What to produce: Pictures stay out of the copy. Everything else in the records must be repeated exactly.

- Opening Delimiter -

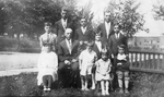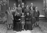 Description :FAMILLE DE DOUZE PERSONNES, DONT DEUX ECCLESIASTIQUES, DEVANT LA FACADE DE LA MAISON DES DESRUISSEAUX. PREMIER RANG: DARTOIS, HELENE ET LEONCE DESRUISSEAUX. AU DEUXIEME RANG: BEATRICE, ?, ? ET FRANCOIS DESRUISSEAUX. TROISIEME RANG: ISABELLE DE...
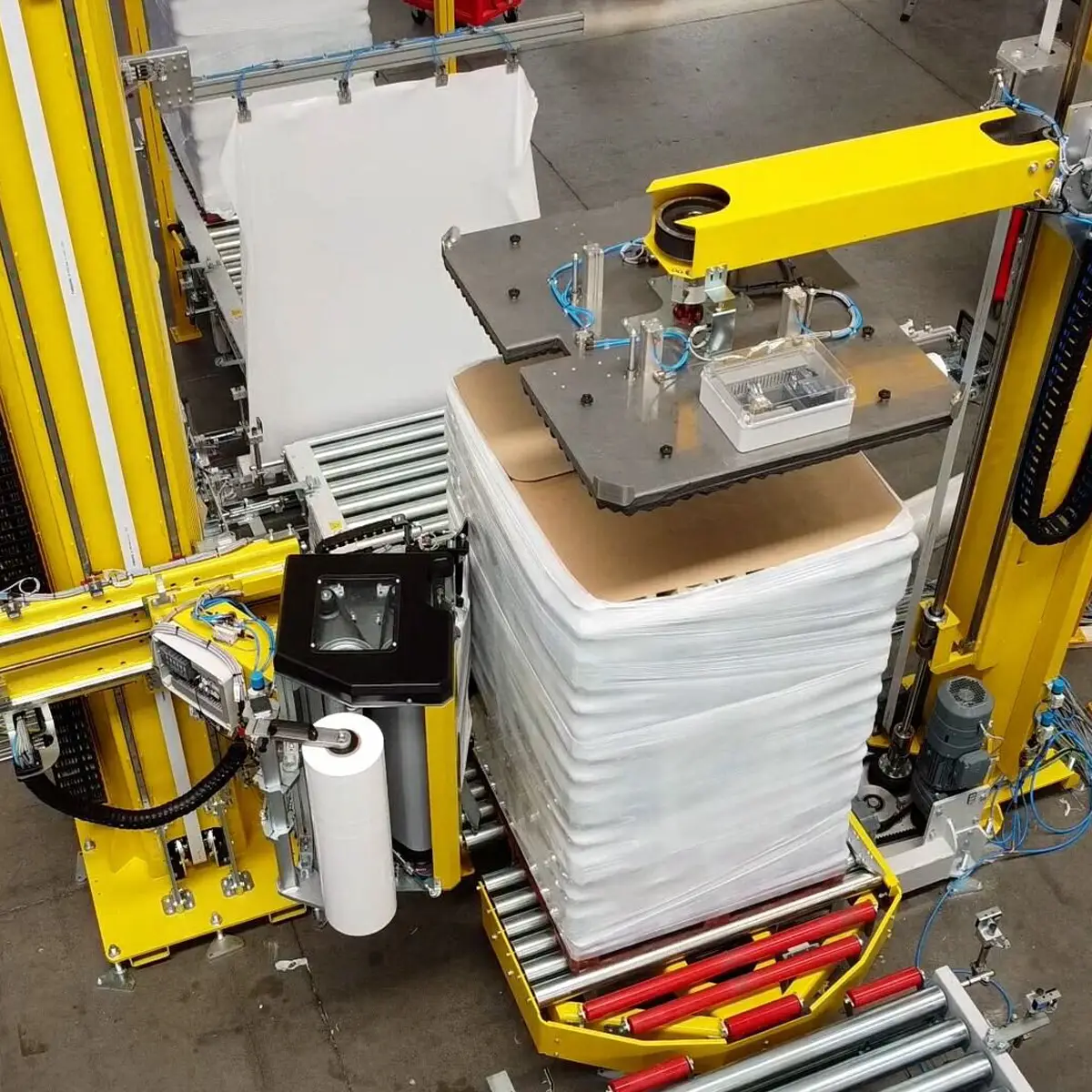 Cette caractéristique permet d’utiliser les mêmes recettes de banderolage sur les banderoleuses à colonne et robotisées, garantissant ainsi les mêmes caractéristiques techniques de stabilité et de qualité du produit.
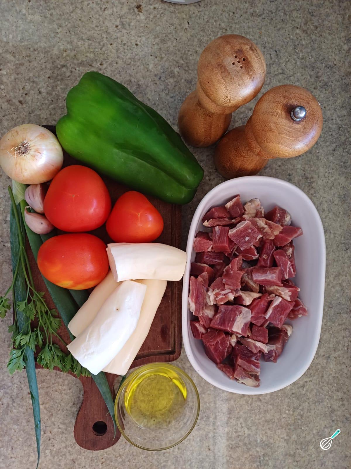 Reúna todos os ingredientes necessários para o preparo da receita de caribéu pantaneiro. Pique a cebola, o alho, o cheiro verde, os tomates e os pimentões em cubos. Descasque e corte a mandioca em cubos grandes e reserve.
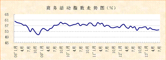 中國物流與采購聯(lián)合會、國家統(tǒng)計局服務(wù)業(yè)調(diào)查中心發(fā)布的2013年7月份中國非制造業(yè)商務(wù)活動指數(shù)環(huán)比上升0.2個百分點,回升至54.1%的較高水平。從分項指數(shù)看,新訂單指數(shù)環(huán)比持平,并持續(xù)保持在50%以上;業(yè)務(wù)活動預(yù)期指數(shù)環(huán)比上升2.1個百分點,達到63.9%,并創(chuàng)出年內(nèi)新高。數(shù)據(jù)變化表明,當(dāng)前非制造業(yè)經(jīng)濟具備良好發(fā)展的基礎(chǔ)。
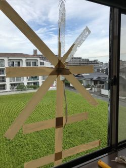 家中に貼ってしまった窓のテープ。長い時間貼っておくほど、粘着力が強くなります。

- Closing Delimiter -

Answer to the exercise:
 Description :FAMILLE DE DOUZE PERSONNES, DONT DEUX ECCLESIASTIQUES, DEVANT LA FACADE DE LA MAISON DES DESRUISSEAUX. PREMIER RANG: DARTOIS, HELENE ET LEONCE DESRUISSEAUX. AU DEUXIEME RANG: BEATRICE, ?, ? ET FRANCOIS DESRUISSEAUX. TROISIEME RANG: ISABELLE DE...
 Cette caractéristique permet d’utiliser les mêmes recettes de banderolage sur les banderoleuses à colonne et robotisées, garantissant ainsi les mêmes caractéristiques techniques de stabilité et de qualité du produit.
 Reúna todos os ingredientes necessários para o preparo da receita de caribéu pantaneiro. Pique a cebola, o alho, o cheiro verde, os tomates e os pimentões em cubos. Descasque e corte a mandioca em cubos grandes e reserve.
 中國物流與采購聯(lián)合會、國家統(tǒng)計局服務(wù)業(yè)調(diào)查中心發(fā)布的2013年7月份中國非制造業(yè)商務(wù)活動指數(shù)環(huán)比上升0.2個百分點,回升至54.1%的較高水平。從分項指數(shù)看,新訂單指數(shù)環(huán)比持平,并持續(xù)保持在50%以上;業(yè)務(wù)活動預(yù)期指數(shù)環(huán)比上升2.1個百分點,達到63.9%,并創(chuàng)出年內(nèi)新高。數(shù)據(jù)變化表明,當(dāng)前非制造業(yè)經(jīng)濟具備良好發(fā)展的基礎(chǔ)。
 家中に貼ってしまった窓のテープ。長い時間貼っておくほど、粘着力が強くなります。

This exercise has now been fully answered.